• _What you need to do_
Each entry should be restated word for word, with all pictures left out.

• _Excerpted records_
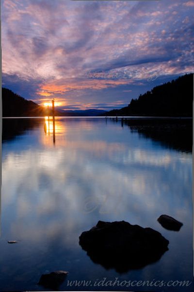 On her Idaho Scenic Images Facebook page , Linda Lantzy posts the photo above and this cutline information: “On the way to dinner tonight, I detoured out to Wolf Lodge Bay. The sun only lines up across the bay during a few weeks in spring and fall. Looks like I almost missed it this year.”
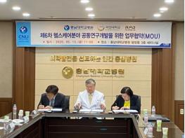 충남대병원(병원장 윤환중)은 알피오플래닛(대표 고경곤), 국민대 산학협력단(단장 신동훈)과 헬스케어 분야 신기술 공동연구 활동 및 기술정보 교류를 위한 3자 업무협약(MOU)을 15일 충남대병원에서 체결했다.
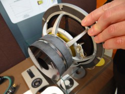 ウーファーのドライバー部分には、欧州のパートナー企業と共同開発したという新しいマテリアルの「SMC(Soft Magnetic Compound)」を採用。砂鉄をベースに、粒子の一粒ずつに化学的なコーティングを施して音響特性を高め、これに圧力をかけて固体化したものが用いられている。従来は鉄を用いていたポールピースやトッププレートなど、ドライバーを形成する各パーツにこの「SMC」を用いることで、磁気回路に発生する渦電流を約1/1000程度に軽減することができ、音質に大きなメリットをもたらすという。またインピーダンス特性も安定化することができ、インダクタンス成分も低周波から高周波までフラットにコントロールができ、電気的によい効果が得られる。
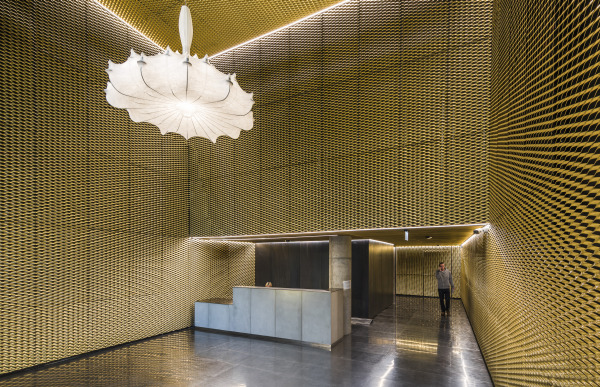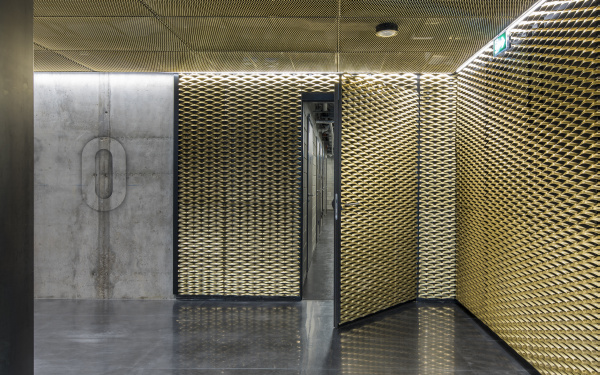 Przykładem jest recepcja w budynku B, która swoją „fakturą” ma budzić skojarzenia z koszykami. Na ścianach znajduje się siatka emitująca blask ażurowego złota. - Efekt ten uzyskaliśmy dzięki zastosowaniu autorsko wykonanej mosiężnej siatki cięto-ciągnionej. Blachę sprowadzono z Francji do Czech, gdzie była nacinana i rozciągana. Następnie, już w Polsce, blacha trafiła do lakierowana, po czym montowaliśmy ją na wszystkich ścianach i sufitach otaczających recepcję – dodaje Łukasz Łoziński z Tétris. Industrialny efekt tego wnętrza dopełnia posadzka holu zrobiona ze stalowych płyt, a także surowe ściany recepcji wykonane z czarnej blachy gorącowalcowanej.
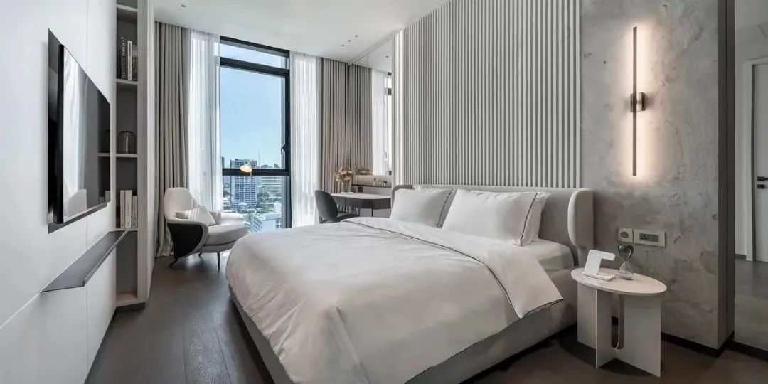 卧室选用了乳白色为基调,中性明亮的配色方案结合了室内可调节的LED光设计,更显房屋的舒适性和生活氛围。
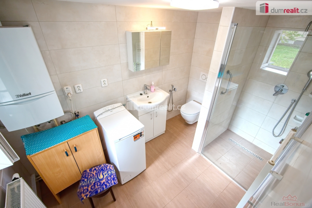 V přízemí naleznete zádveří, chodbu, prostornou kuchyni, jídelnu, útulný obývací pokoj s krbovými kamny, ložnici, moderní koupelnu po rekonstrukci, samostatné WC a komoru. Součástí je i vestavěná garáž a dílna. Na dvoře se nachází praktické kolny pro uložení zahradního vybavení.

• _Solution for this exercise_
 On her Idaho Scenic Images Facebook page , Linda Lantzy posts the photo above and this cutline information: “On the way to dinner tonight, I detoured out to Wolf Lodge Bay. The sun only lines up across the bay during a few weeks in spring and fall. Looks like I almost missed it this year.”
 충남대병원(병원장 윤환중)은 알피오플래닛(대표 고경곤), 국민대 산학협력단(단장 신동훈)과 헬스케어 분야 신기술 공동연구 활동 및 기술정보 교류를 위한 3자 업무협약(MOU)을 15일 충남대병원에서 체결했다.
 ウーファーのドライバー部分には、欧州のパートナー企業と共同開発したという新しいマテリアルの「SMC(Soft Magnetic Compound)」を採用。砂鉄をベースに、粒子の一粒ずつに化学的なコーティングを施して音響特性を高め、これに圧力をかけて固体化したものが用いられている。従来は鉄を用いていたポールピースやトッププレートなど、ドライバーを形成する各パーツにこの「SMC」を用いることで、磁気回路に発生する渦電流を約1/1000程度に軽減することができ、音質に大きなメリットをもたらすという。またインピーダンス特性も安定化することができ、インダクタンス成分も低周波から高周波までフラットにコントロールができ、電気的によい効果が得られる。
 Przykładem jest recepcja w budynku B, która swoją „fakturą” ma budzić skojarzenia z koszykami. Na ścianach znajduje się siatka emitująca blask ażurowego złota. - Efekt ten uzyskaliśmy dzięki zastosowaniu autorsko wykonanej mosiężnej siatki cięto-ciągnionej. Blachę sprowadzono z Francji do Czech, gdzie była nacinana i rozciągana. Następnie, już w Polsce, blacha trafiła do lakierowana, po czym montowaliśmy ją na wszystkich ścianach i sufitach otaczających recepcję – dodaje Łukasz Łoziński z Tétris. Industrialny efekt tego wnętrza dopełnia posadzka holu zrobiona ze stalowych płyt, a także surowe ściany recepcji wykonane z czarnej blachy gorącowalcowanej.
 卧室选用了乳白色为基调,中性明亮的配色方案结合了室内可调节的LED光设计,更显房屋的舒适性和生活氛围。
 V přízemí naleznete zádveří, chodbu, prostornou kuchyni, jídelnu, útulný obývací pokoj s krbovými kamny, ložnici, moderní koupelnu po rekonstrukci, samostatné WC a komoru. Součástí je i vestavěná garáž a dílna. Na dvoře se nachází praktické kolny pro uložení zahradního vybavení.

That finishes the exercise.